Masao Yamamoto, Kawa=Flow serie #1629, 2014
Uomo e natura dialogano armoniosamente nei vari capitoli: caos, tranquillità, desiderio, costruzione di luce, superamento di spazio e tempo, purificazione (o meglio shizuka», che in giapponese vuol dire anche profumo). Immagini nitide o sgranate, luminose o buie definite dal linguaggio del bianco e nero e modulate nelle tonalità di grigi della stampa alla gelatina ai sali d’argento, talvolta declinate in seppia.
In questa sorta di archivio visuale Masao Yamamoto sfida il concetto stesso di limite, nel tentativo di catturare detto e non detto, così come avviene in tutti gli altri suoi progetti – a partire dagli anni 90 – tra cui i noti A box of Ku (presentato anche in occasione della prima edizione di Tokyo International Photo Biennale nel 1995) e a seguire con Nakazora, Kawa e Shizuka.

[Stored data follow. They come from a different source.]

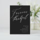 Perfekten tackar er för minimalisterna par! Med "Forever Thankful" i ett calligraphy-skriptteckensnitt för chic med namn och detaljer i en serif-typografi i grund högernas hörn. På baksidan finns en fotokollage placerad ovanpå en lätt grått-bakgrund som du enkelt kan anpassa! Den här produkten är en del av vår "lyckligtvis alltid efter"-svit i bröllop.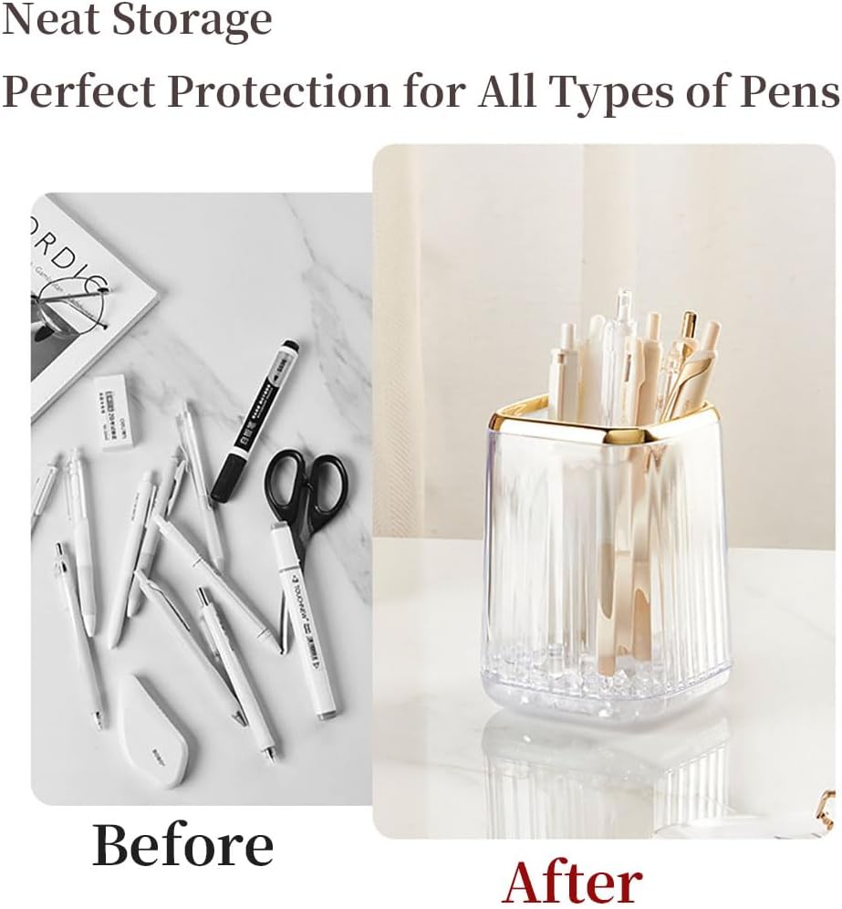Smart Space-Saving Design: Compact footprint fits tight spaces (3.35″ L x 3.35″ W x 4.5″ H). Holds 10+ standard pens or 10+ makeup brushes vertically. Weighted base prevents tipping even with heavy-handled brushes.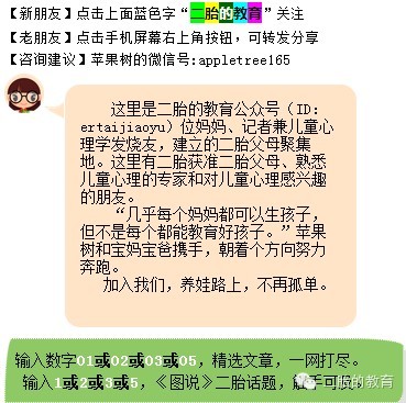 Hi,我是“二胎的教育”公众号的主编苹果树,非常感谢你的关注。有好多人问我,为什么做这件事,做“二胎的教育”?我想了想,大概有几点吧: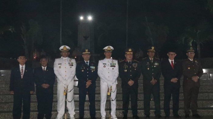 Tribunlampung.co.id, Bandar Lampung - Sejumlah personel Polda Lampung turut serta mengikuti Apel Kehormatan dan Renungan Suci memperingati Hari Ulang Tahun Kemerdekaan Republik Indonesia ke- 78 di Taman Makam Pahlawan Tanjung Karang, Bandar Lampung, Kamis (17/8/2023) dini hari.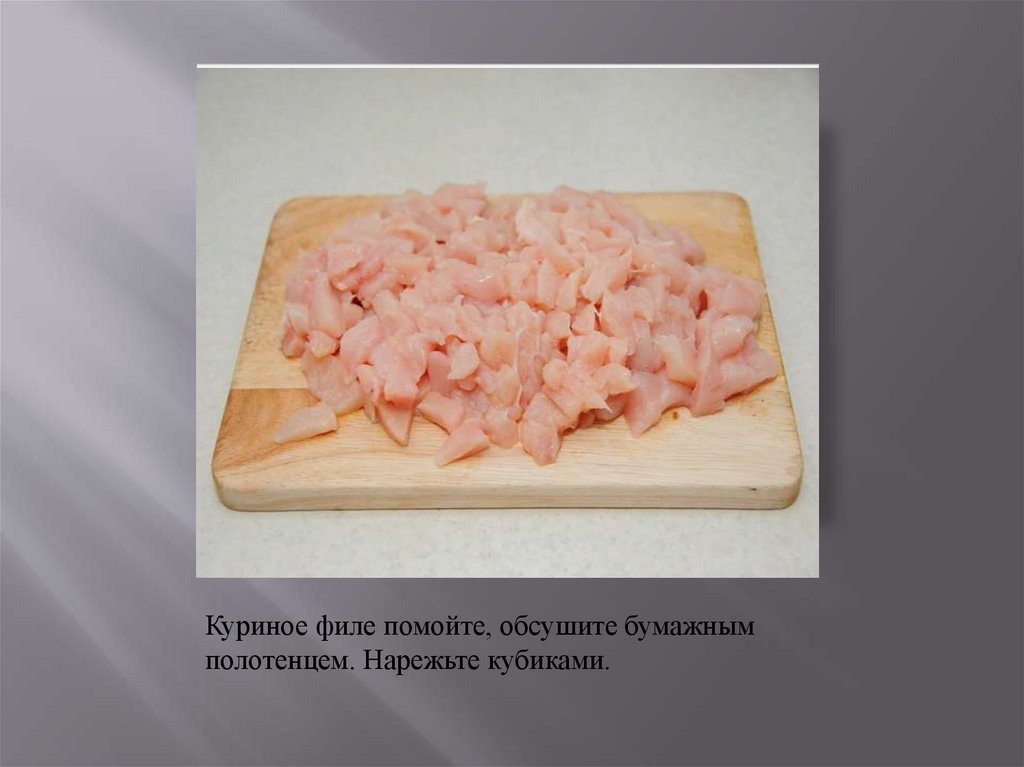 Куриное филе помойте, обсушите бумажнымполотенцем. Нарежьте кубиками.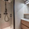 Bathroom 1: Shower, Hairdryer, Towel dryer, and Single hand basin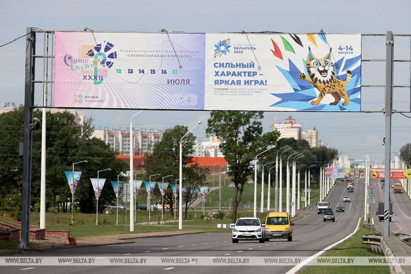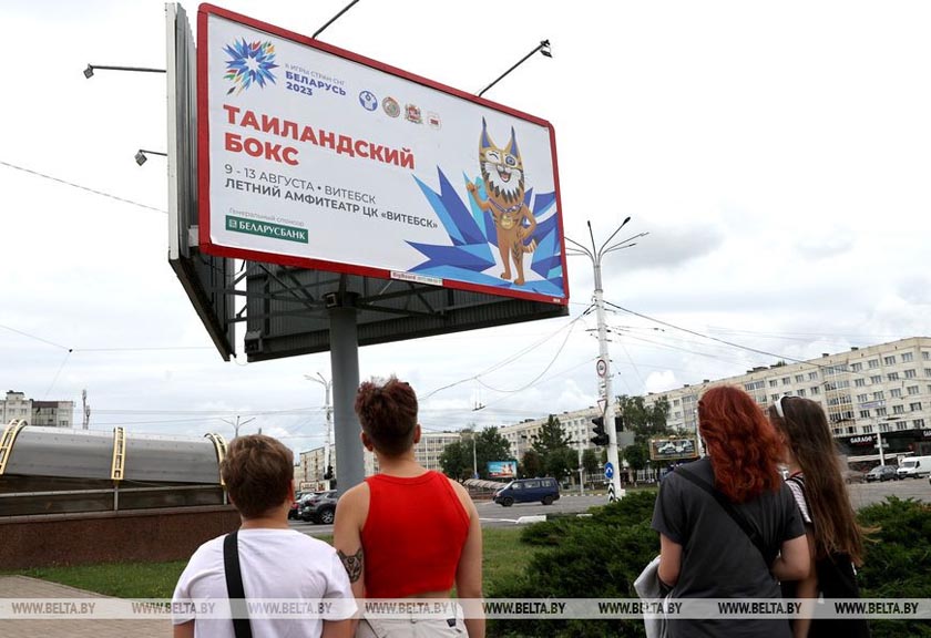 Тематическими баннерами украсили Витебск в преддверии II Игр стран СНГ, в Летнем амфитеатре с 9 по 13 августа пройдут соревнования по таиландскому боксу.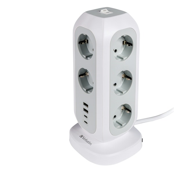 - Multi-Spina a torretta 15 in 1 La Torre di alimentazione Multi-spina di Verbatim offre 11 prese CA, due porte USB-C e due porte USB-A. Grazie al cavo di prolunga di 2 m, offre tutte le prese necessarie per mantenere i dispositivi carichi e operanti a pieno regime. Il design verticale la rende la soluzione ideale per la casa, per la cucina, per l'ufficio o per la scuola,assicurando superfici sgombre e ordinate sulla scrivania o sul pavimento. L'interruttore di accensione/spegnimento posizionato sulla parte superiore della torretta consente di spegnere tutti i dispositivi quando non in uso in una sola operazione così da risparmiare energia.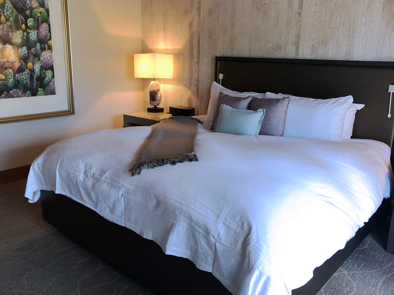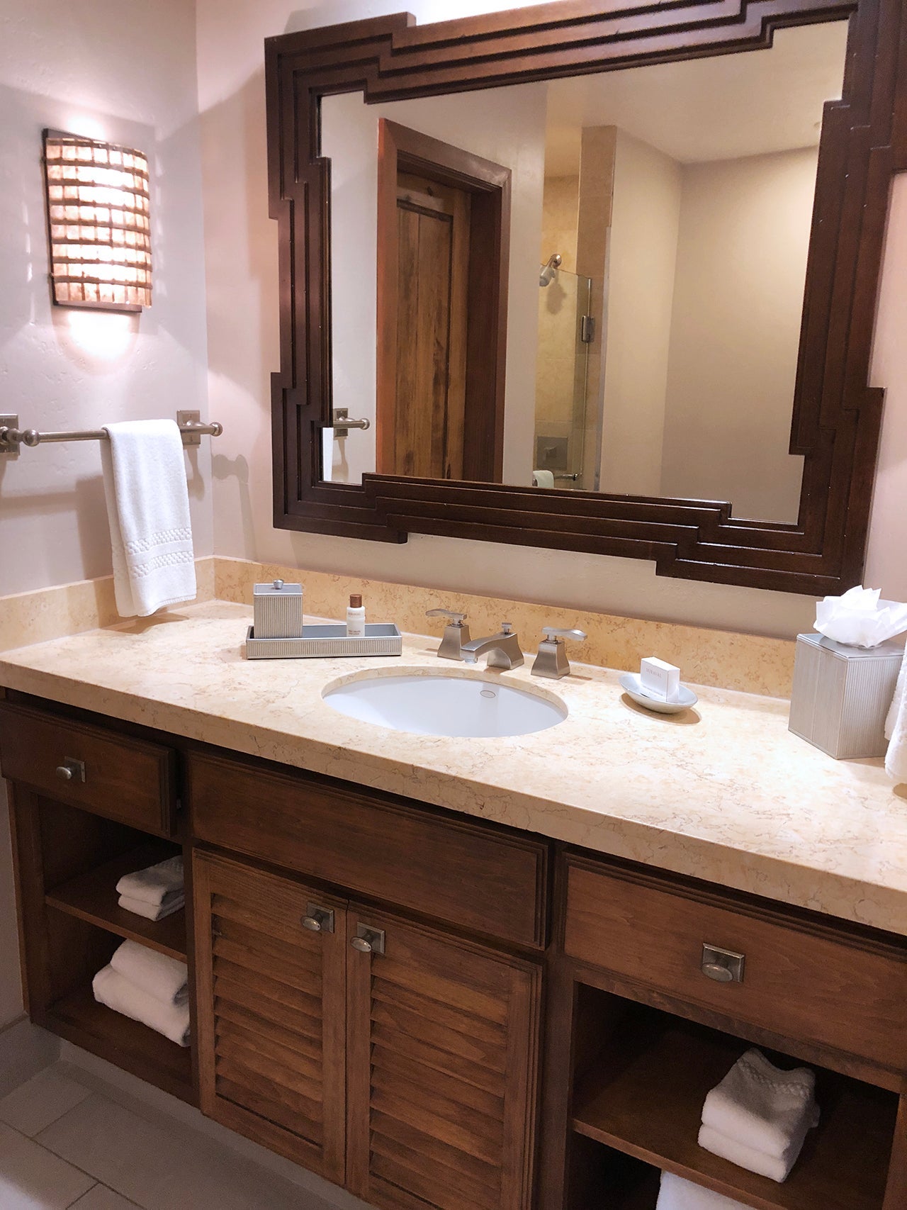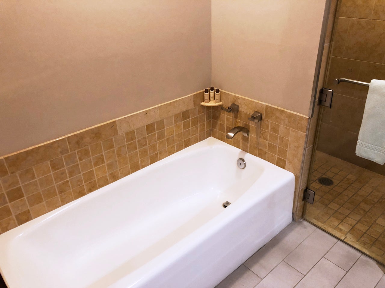 The bathroom had a tub and separate shower that were both unremarkable but fine. Aside from the amazing bed, the room was comfortable but perhaps a notch or two below what you might expect for the price, especially if you were paying with cold hard cash. The property has excellent bones, but the rooms, and especially the bathrooms, are approaching time for a refresh, given the high-end nature of the resort.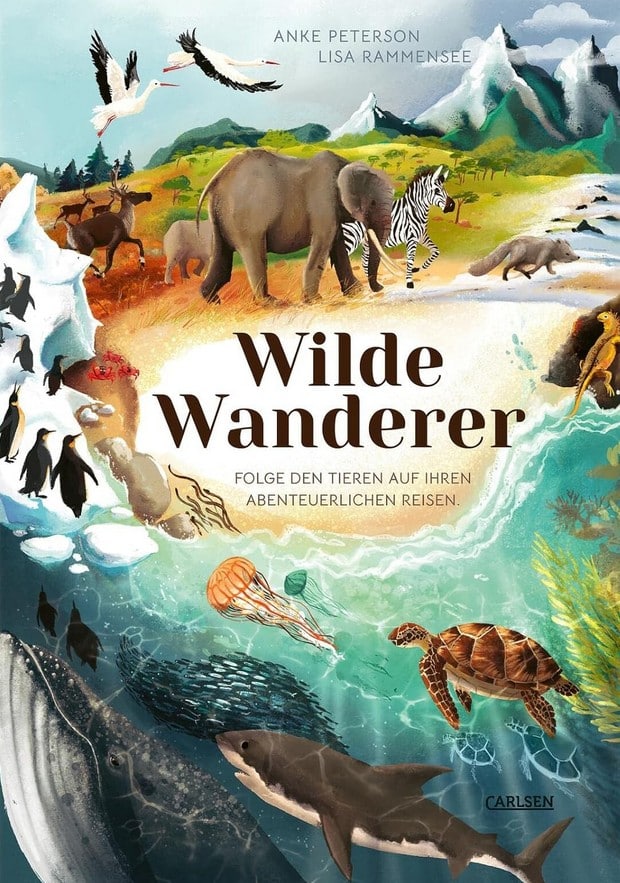 Ob als Massenbewegung oder als Tagesausflug: Tierwanderungen und -migrationen sind eines der erstaunlichsten Phänomene der Natur. Ob in windigen Lüften oder im ewigen Eis, in den Tiefen der Ozeane oder in den Weiten der Savanne, mit Gesang oder mit Anschluss – überall auf der Welt sind Tiere unterwegs. In „Wilde Wanderer: Folge den Tieren auf ihren abenteuerlichen Reisen“* stellt Anke Peterson die Reiserouten von über 20 Tieren, darunter Vögel, Säugetiere, Fische, Reptilien und Insekten – vor. In einer spannenden sowie unterhaltsamen Kombination aus informativen Texten und individuellen Tierporträts. Dazu gesellen sich die unglaublich schönen Bilder von Lisa Rammensee, die mitten hinein ins das tierische Geschehen ziehen. Rundum spektakulär und eindrucksvoll.
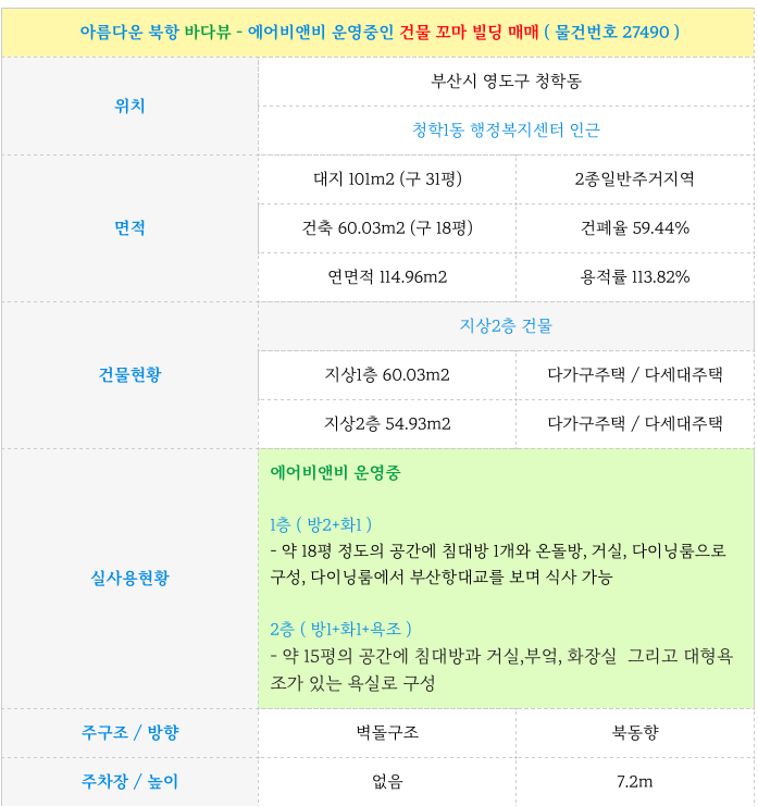 부산 영도 청학동 바다뷰 2층 꼬마 건물 빌딩 매매 물건 제원 소개해 드립니다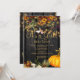 Beautiful rusty orange and dark burgundy autumn fall flowers with dried leaves and foliage, a little stork carrying a baby girl in a pink blanket and a watercolor pumpkin over a dark brown barn wood background with strings of golden twinkle lights making a charming elegant baby girl shower party invitation with a trendy handwriting gold "It's a girl!" typography script. +++++++++ Easy to personalise with your details! Suitable for traditional autumn fall rustic | country | farmhouse | outdoor backyard girl baby shower.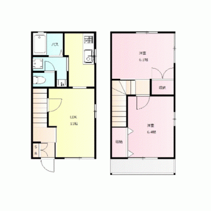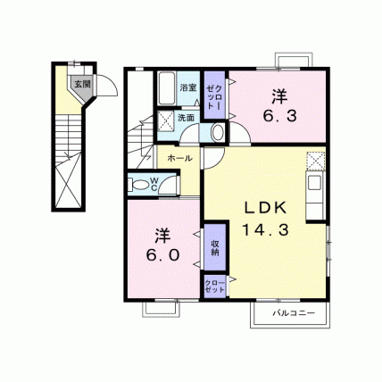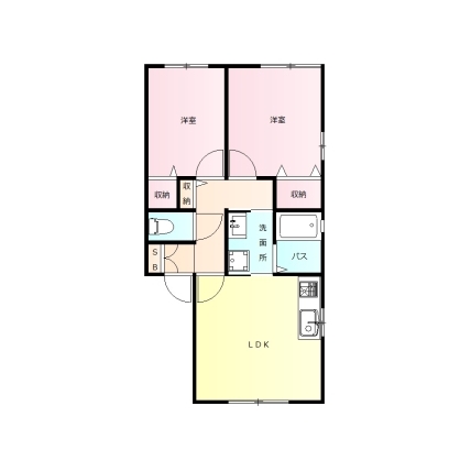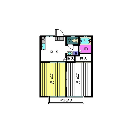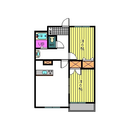 | 敷なし 礼なし 間2DK 面43.741m² |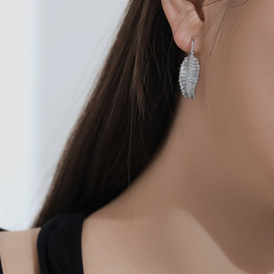 Pear 925 Sterling Silver Simulated Diamonds Leaf Earrings
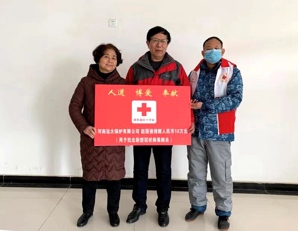 手術(shù)后在鄭州休養(yǎng)的河南遠(yuǎn)大鍋爐黨支部書記趙國(guó)強(qiáng),在看到廣大醫(yī)護(hù)人員、共產(chǎn)黨員紛紛申請(qǐng)到抗疫一線時(shí),他躺不下了,不顧身體病痛,于1月31日和家屬專程趕回西華,向西華縣紅十字會(huì)捐款10萬(wàn)元,用于抗擊新型冠狀病毒感染的肺炎疫情防控工作。

Al Grand Palais – sede della più importante fiera internazionale di fotografia – anche il book signing diventa un momento rituale per lui. Il fotografo siede, apre la scatola con il pennarello nero, il sigillo e il tampone con l’inchiosto rosso e poi firma – una ad una – le copie del volume. La gestualità è accompagnata da un silenzio rigoroso. Infine, il suo capo si china in segno di rispetto nel porgere all’acquirente l’ambita copia autografata. Ogni elemento, in fondo, è traducibile nella sua preziosità. La rappresentazione teatrale del gesto stesso ha il suo valore nel fluire del racconto, nella summa del tempo, nell’unità che procede per segni, frammenti.
Ha studiato pittura e calligrafia alla Scuola d’Arte di Gamagori con Goro Saito. In che modo questa formazione ha influenzato la sua fotografia?
Nel mio primo curriculum c’è scritto che ho studiato pittura con Goto Saito. Avevo scritto così perché questo pittore è del mio stesso paese d’origine. Ma la scuola non esiste. Quanto alla calligrafia, non l’ho mai studiata particolarmente, a parte alle scuole elementari e medie. L’origine della mia attività creativa risale al fatto che nella mia famiglia per generazioni si è lavorato come carpentieri. Sono stato sempre in un ambiente in cui era normale creare oggetti. Non solo dipingere e fotografare, anche «fare» manualmente apparteneva al mio quotidiano. Sono un autodidatta.
Lei da piccolo collezionava insetti, poi da adulto ha iniziato a «raccogliere» fotografie. Qual è la sua idea di archivio?
Sì, collezionavo insetti… Quanto alle fotografie più che collezionarle ho raccolto cose belle che stavano intorno a me. Collezionavo immagini attraverso la macchina fotografica. Perciò non sono un collezionista nel vero senso della parola. Il collezionista, se è appassionato d’insetti, a prescindere dalle preferenze cercherà di raccogliere più esemplari possibili. Poi si tratta di classificare, analizzare, verificare e conservare. Per me, la cosa più importante è divertirmi e l’azione stessa del «catturare». Quando ero al liceo mi sono accorto che se non riuscivo a ottenere realmente l’oggetto bello, potevo fissarlo sulla pellicola con la macchina fotografica. Ogni volta che trovavo qualcosa di affascinante, ero trascinato dal desiderio di averlo. Le mie opere sono nate mentre valutavo se il soggetto era veramente bello anche stampato, così come lo era nella realtà, attraverso l’esercizio del mio occhio e della macchina fotografica. La parola archivio non è adatta alla mia «collezione», che rappresenta un tentativo di provare a interpretare e scoprire.
I suoi scatti sono spesso di piccolo formato e sembrano vecchie immagini anonime. In che modo il concetto di tempo entra in relazione con la sua fotografia?
Tante persone credono che il tempo scorra ordinatamente dal passato al presente e al futuro, come le lancette dell’orologio. Ma il flusso temporale non deve essere così semplice. La sua percezione dipende da ognuno di noi, può modificarsi a seconda del proprio cervello. Senza avere paura di equivoci, credo che si possa viaggiare liberamente nel passato, e anche nel futuro, con la propria coscienza, senza chiedere aiuto alla macchina del tempo. L’orologio che scandisce il tempo con lo stesso ritmo è soltanto un meccanismo inventato dall’uomo. È solo una regola. Per trasmettere questa sensazione del fluttuare in libertà nello spazio-tempo sto creando opere che sembrano anonime. Penso che il formato piccolo sia facile da tenere sul palmo della mano e da osservare da vicino.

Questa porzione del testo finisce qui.